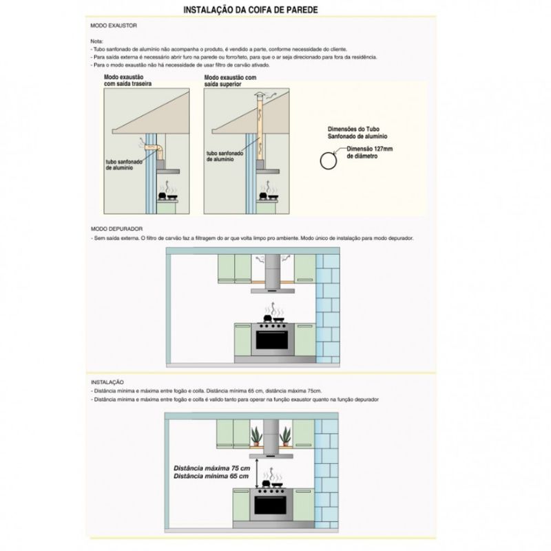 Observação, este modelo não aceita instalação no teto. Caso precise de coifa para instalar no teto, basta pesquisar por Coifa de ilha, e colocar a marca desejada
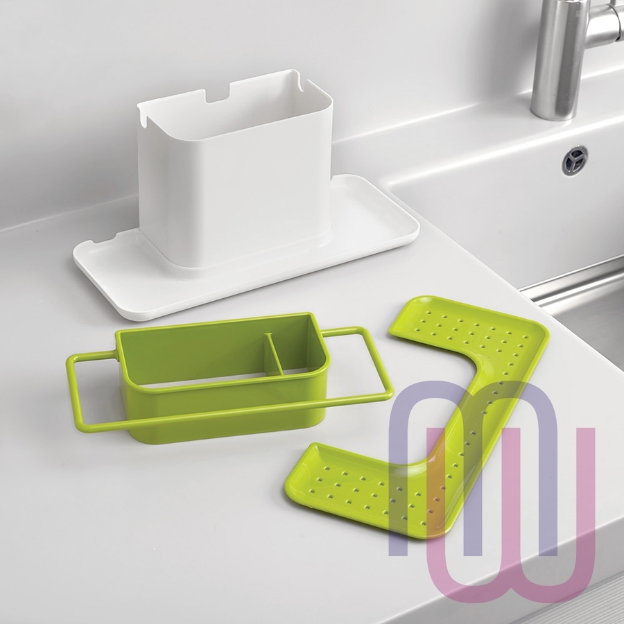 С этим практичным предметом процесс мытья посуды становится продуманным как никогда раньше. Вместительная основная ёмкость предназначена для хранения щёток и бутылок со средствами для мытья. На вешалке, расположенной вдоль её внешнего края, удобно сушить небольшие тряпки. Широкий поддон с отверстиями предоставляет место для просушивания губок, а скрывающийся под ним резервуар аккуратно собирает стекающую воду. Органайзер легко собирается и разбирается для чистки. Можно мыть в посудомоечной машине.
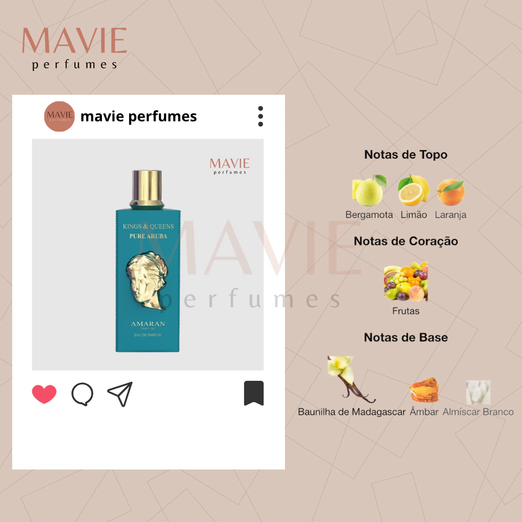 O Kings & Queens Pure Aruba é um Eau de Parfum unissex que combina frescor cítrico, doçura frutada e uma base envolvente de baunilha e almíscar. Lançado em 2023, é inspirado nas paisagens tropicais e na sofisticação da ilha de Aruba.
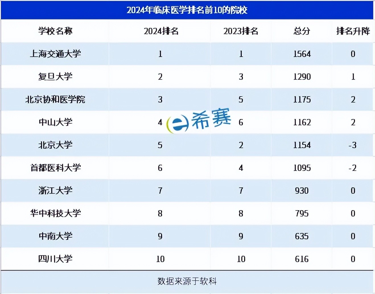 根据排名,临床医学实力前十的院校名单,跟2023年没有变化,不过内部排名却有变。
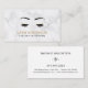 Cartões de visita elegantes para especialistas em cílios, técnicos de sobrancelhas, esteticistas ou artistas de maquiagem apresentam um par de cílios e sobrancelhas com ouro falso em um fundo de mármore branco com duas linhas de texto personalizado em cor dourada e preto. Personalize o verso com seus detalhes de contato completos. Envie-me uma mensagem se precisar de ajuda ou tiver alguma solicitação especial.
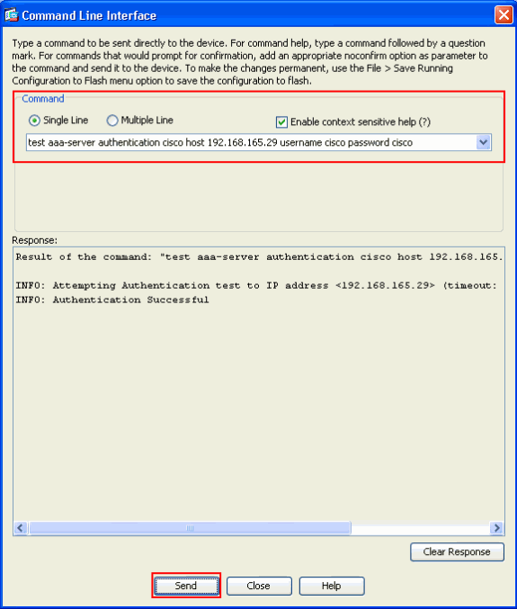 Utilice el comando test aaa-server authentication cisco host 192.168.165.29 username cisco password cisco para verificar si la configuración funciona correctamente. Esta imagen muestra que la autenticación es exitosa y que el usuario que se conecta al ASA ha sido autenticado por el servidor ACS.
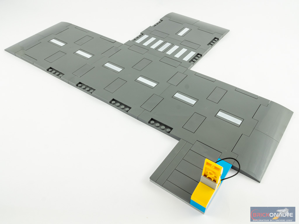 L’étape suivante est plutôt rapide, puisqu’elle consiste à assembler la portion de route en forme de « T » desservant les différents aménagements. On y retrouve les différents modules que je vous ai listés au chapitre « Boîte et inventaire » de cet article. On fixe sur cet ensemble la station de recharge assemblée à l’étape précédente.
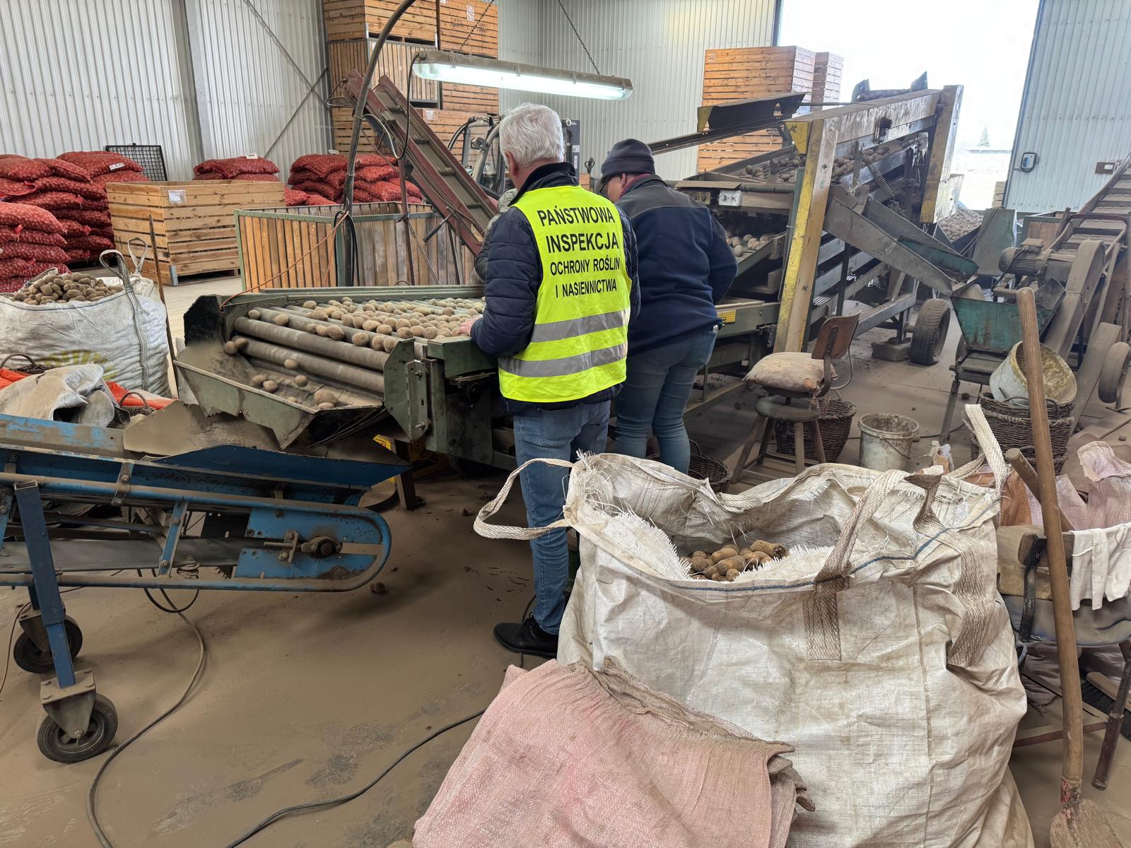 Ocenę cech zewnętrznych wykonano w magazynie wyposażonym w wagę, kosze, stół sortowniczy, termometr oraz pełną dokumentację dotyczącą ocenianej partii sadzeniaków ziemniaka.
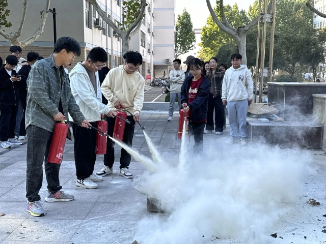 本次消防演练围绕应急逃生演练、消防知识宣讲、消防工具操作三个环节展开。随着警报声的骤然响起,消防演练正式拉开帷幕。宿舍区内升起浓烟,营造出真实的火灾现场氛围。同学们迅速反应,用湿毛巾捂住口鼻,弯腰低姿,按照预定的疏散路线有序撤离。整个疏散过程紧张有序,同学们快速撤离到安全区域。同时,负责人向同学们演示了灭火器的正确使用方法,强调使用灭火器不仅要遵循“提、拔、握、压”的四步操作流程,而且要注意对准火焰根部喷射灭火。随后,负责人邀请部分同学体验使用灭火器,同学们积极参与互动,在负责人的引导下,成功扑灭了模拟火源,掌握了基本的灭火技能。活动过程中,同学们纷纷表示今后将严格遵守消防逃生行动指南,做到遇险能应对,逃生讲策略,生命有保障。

Exercise directions: Produce the full material again verbatim, with the pictures dropped.

Written answer:
 Observação, este modelo não aceita instalação no teto. Caso precise de coifa para instalar no teto, basta pesquisar por Coifa de ilha, e colocar a marca desejada
 С этим практичным предметом процесс мытья посуды становится продуманным как никогда раньше. Вместительная основная ёмкость предназначена для хранения щёток и бутылок со средствами для мытья. На вешалке, расположенной вдоль её внешнего края, удобно сушить небольшие тряпки. Широкий поддон с отверстиями предоставляет место для просушивания губок, а скрывающийся под ним резервуар аккуратно собирает стекающую воду. Органайзер легко собирается и разбирается для чистки. Можно мыть в посудомоечной машине.
 O Kings & Queens Pure Aruba é um Eau de Parfum unissex que combina frescor cítrico, doçura frutada e uma base envolvente de baunilha e almíscar. Lançado em 2023, é inspirado nas paisagens tropicais e na sofisticação da ilha de Aruba.
 根据排名,临床医学实力前十的院校名单,跟2023年没有变化,不过内部排名却有变。
 Cartões de visita elegantes para especialistas em cílios, técnicos de sobrancelhas, esteticistas ou artistas de maquiagem apresentam um par de cílios e sobrancelhas com ouro falso em um fundo de mármore branco com duas linhas de texto personalizado em cor dourada e preto. Personalize o verso com seus detalhes de contato completos. Envie-me uma mensagem se precisar de ajuda ou tiver alguma solicitação especial.
 Utilice el comando test aaa-server authentication cisco host 192.168.165.29 username cisco password cisco para verificar si la configuración funciona correctamente. Esta imagen muestra que la autenticación es exitosa y que el usuario que se conecta al ASA ha sido autenticado por el servidor ACS.
 L’étape suivante est plutôt rapide, puisqu’elle consiste à assembler la portion de route en forme de « T » desservant les différents aménagements. On y retrouve les différents modules que je vous ai listés au chapitre « Boîte et inventaire » de cet article. On fixe sur cet ensemble la station de recharge assemblée à l’étape précédente.
 Ocenę cech zewnętrznych wykonano w magazynie wyposażonym w wagę, kosze, stół sortowniczy, termometr oraz pełną dokumentację dotyczącą ocenianej partii sadzeniaków ziemniaka.
 本次消防演练围绕应急逃生演练、消防知识宣讲、消防工具操作三个环节展开。随着警报声的骤然响起,消防演练正式拉开帷幕。宿舍区内升起浓烟,营造出真实的火灾现场氛围。同学们迅速反应,用湿毛巾捂住口鼻,弯腰低姿,按照预定的疏散路线有序撤离。整个疏散过程紧张有序,同学们快速撤离到安全区域。同时,负责人向同学们演示了灭火器的正确使用方法,强调使用灭火器不仅要遵循“提、拔、握、压”的四步操作流程,而且要注意对准火焰根部喷射灭火。随后,负责人邀请部分同学体验使用灭火器,同学们积极参与互动,在负责人的引导下,成功扑灭了模拟火源,掌握了基本的灭火技能。活动过程中,同学们纷纷表示今后将严格遵守消防逃生行动指南,做到遇险能应对,逃生讲策略,生命有保障。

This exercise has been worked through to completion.